Cigarette giants' pricing power has always been one of their most attractive investment features, since the ability to raise prices while still retaining plenty of customers makes their dividend payments especially stable.
Altria (MO -0.49%) just flexed its pricing muscle again, raising the cost of its cigarettes by about $0.06 per pack on average, only two months after it had raised them by $0.09 to $0.11 per pack.
Tobacco companies typically raise their prices twice a year, once in the spring and again six months later. But Altria's increase after having just done so has analysts believing the cigarette maker could be making three price hikes this year, if not more.
While some see this as a bullish sign for the tobacco companies -- since it lets them offset declining volumes while bolstering the bottom line -- perhaps it should be seen as a more troubling development.
An inexorable spiral down
Cigarette smoking, at least in the U.S. and many other developed markets, is in the midst of a contraction that isn't expected to ever reverse. Last month, Nielsen data showed cigarette dollar sales fell almost 7% in the four-week period ending May 18 as volume sales plunged over 11%, the worst performance measured by the market researcher in four years. That news caused shares of Altria, British American Tobacco, and Philip Morris International to tumble.
While individual company data indicates the decline is not nearly as precipitous as what Nielsen showed, likely because of sampling bias due to major metropolitan areas being surveyed primarily, the direction of the trend is still correct. Sales are falling and will continue to do so.
The tobacco companies are nowhere near reaching "cigar butt" investment status -- a class of stock that has just about reached the end of its value, though there are still a few risk-free puffs remaining. (Warren Buffett once said of such stocks, "Though the stub might be ugly and soggy, the puff would be free.") But even the cigarette makers realize they need to pursue alternatives.
A future based on cigarette alternatives
Electronic cigarettes give manufacturers an opportunity to embrace what Philip Morris calls a "smoke-free future," (assuming regulators don't kill off the industry) while alternative nicotine products like snuff and snus allow them to still harness the strength of their tobacco business.
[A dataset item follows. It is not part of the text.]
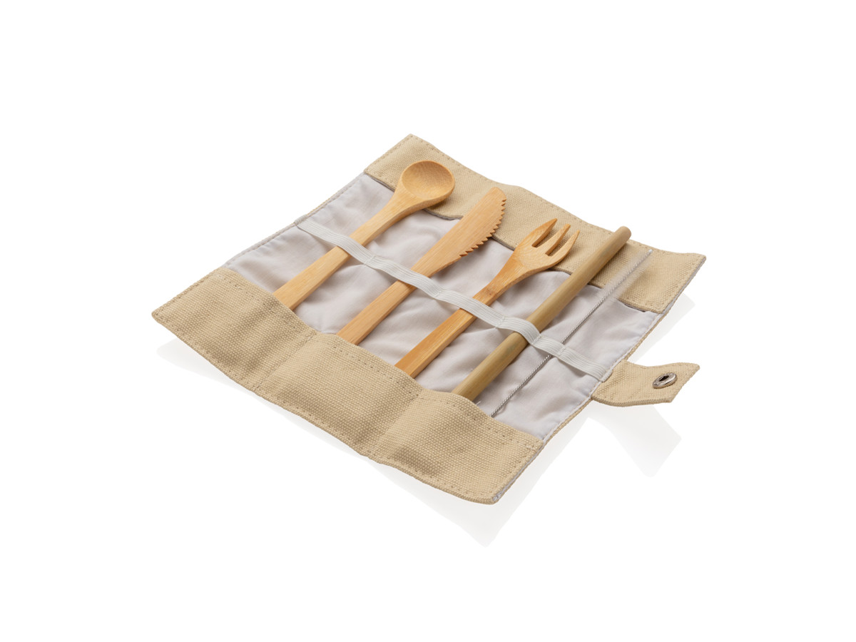 Medbring dit eget genanvendelige bambus bestik uanset hvor du skal hen. Reducer plastik affald og hjælp med at beskytte vores planet. Dette bestik kan også komposteres så de ikke forurener miljøet. Sættet indeholder: ske, gaffel, kniv, sugerør og børste. Flot indpakket i kanvas rejseetui.

Investments in cannabis producers are a potential long-term driver of growth, ignoring the irony that some governments are legalizing and cheering on the use of marijuana while still railing against tobacco.
Yet traditional cigarettes are still the backbone of tobacco companies, as they generate the vast bulk of their revenue. Offsetting volume declines by increasing prices remains one of the levers they can still pull. Because of nicotine's addictive qualities, smokers reluctantly pay up for the ability to smoke cigarettes, or what economists term price inelasticity of demand.
But smokers are more readily abandoning cigarettes and moving to alternatives (or quitting altogether) as tobacco companies squeeze them on one end and federal, state, and local governments do so on the other with onerous taxes (which, when raised, tobacco companies typically match with more price hikes).
Raising prices again as Altria is doing now will only further lock it and the industry into the vicious cycle of an accelerating decline.
More is not always better
It should also be worrisome that Altria actually feels the need to hike prices right now, and it could indicate that the Nielsen data may not be quite so off the mark as believed. If so, it would suggest Altria badly needs to bolster its margins to offset declines -- downturns it can't easily or readily make up for through its investment in Juul Labs or cost-cutting initiatives.
E-cigs, marijuana, and other alternatives are probably the future for Altria and its peers, and perhaps a cynic could say Altria's action is purposefully herding smokers in that direction sooner than they might otherwise switch.
But the future is not here yet, and going to the well too many times to extract tribute from their customers may cause the tobacco giants to suffer a backlash they're not ready to face.